→ **Task to carry out**:
When you reach the line below that has "Bath And Spa", start returning lines exactly, and stop after the line that has "SaaS company average."; skip the pictures.

═══ Data provided ═══

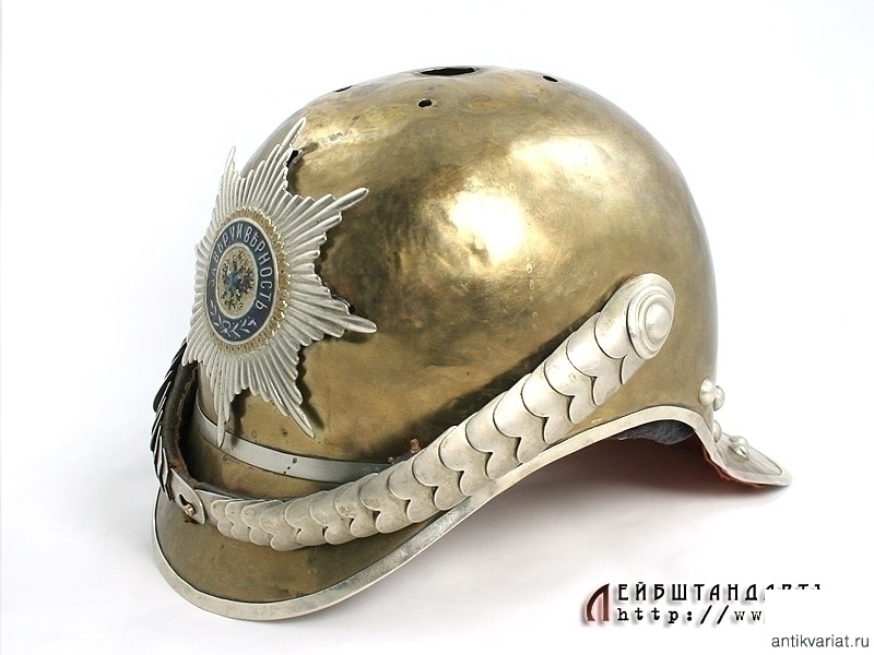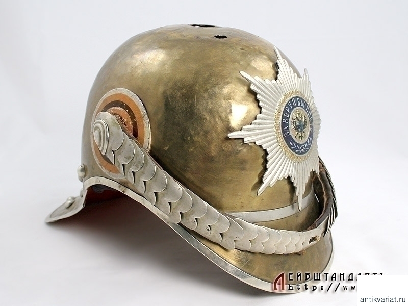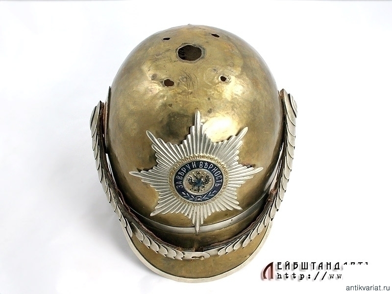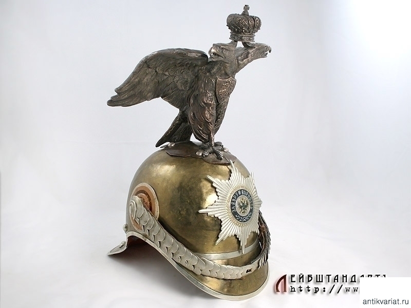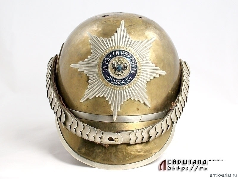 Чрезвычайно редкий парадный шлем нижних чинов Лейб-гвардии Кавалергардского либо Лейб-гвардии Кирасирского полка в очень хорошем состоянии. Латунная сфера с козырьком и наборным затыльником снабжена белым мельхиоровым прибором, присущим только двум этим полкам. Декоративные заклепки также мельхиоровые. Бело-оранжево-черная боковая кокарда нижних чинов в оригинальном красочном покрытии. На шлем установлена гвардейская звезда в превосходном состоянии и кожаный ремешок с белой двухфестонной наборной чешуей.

═══
═══ Data provided ═══

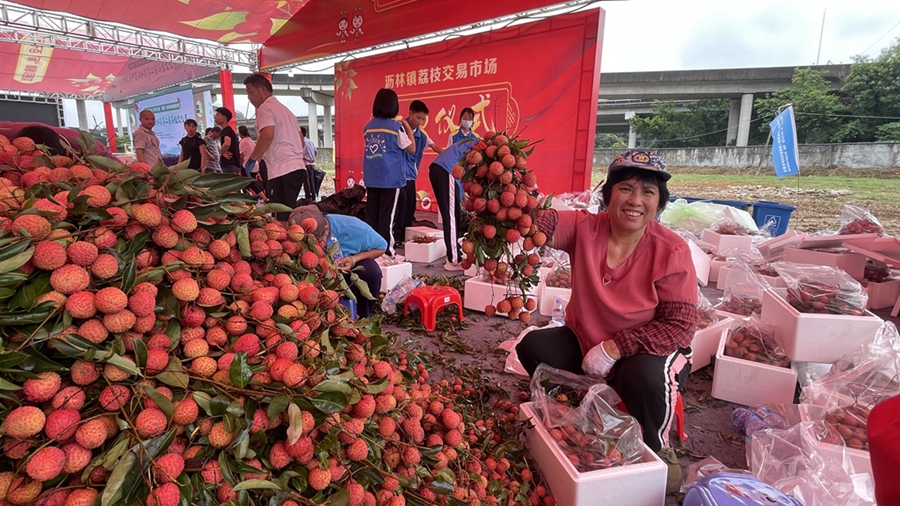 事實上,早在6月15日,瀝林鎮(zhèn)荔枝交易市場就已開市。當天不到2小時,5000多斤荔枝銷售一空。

═══
═══ Data provided ═══

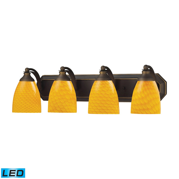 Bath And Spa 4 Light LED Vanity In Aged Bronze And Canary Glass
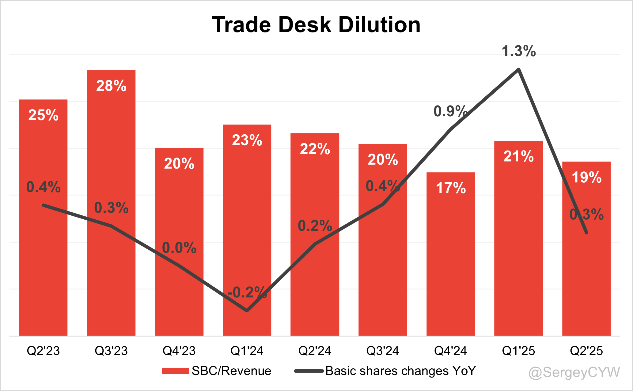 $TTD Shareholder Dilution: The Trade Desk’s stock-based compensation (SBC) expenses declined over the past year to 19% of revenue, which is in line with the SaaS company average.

═══

→ **Exercise answer**:
 Bath And Spa 4 Light LED Vanity In Aged Bronze And Canary Glass
 $TTD Shareholder Dilution: The Trade Desk’s stock-based compensation (SBC) expenses declined over the past year to 19% of revenue, which is in line with the SaaS company average.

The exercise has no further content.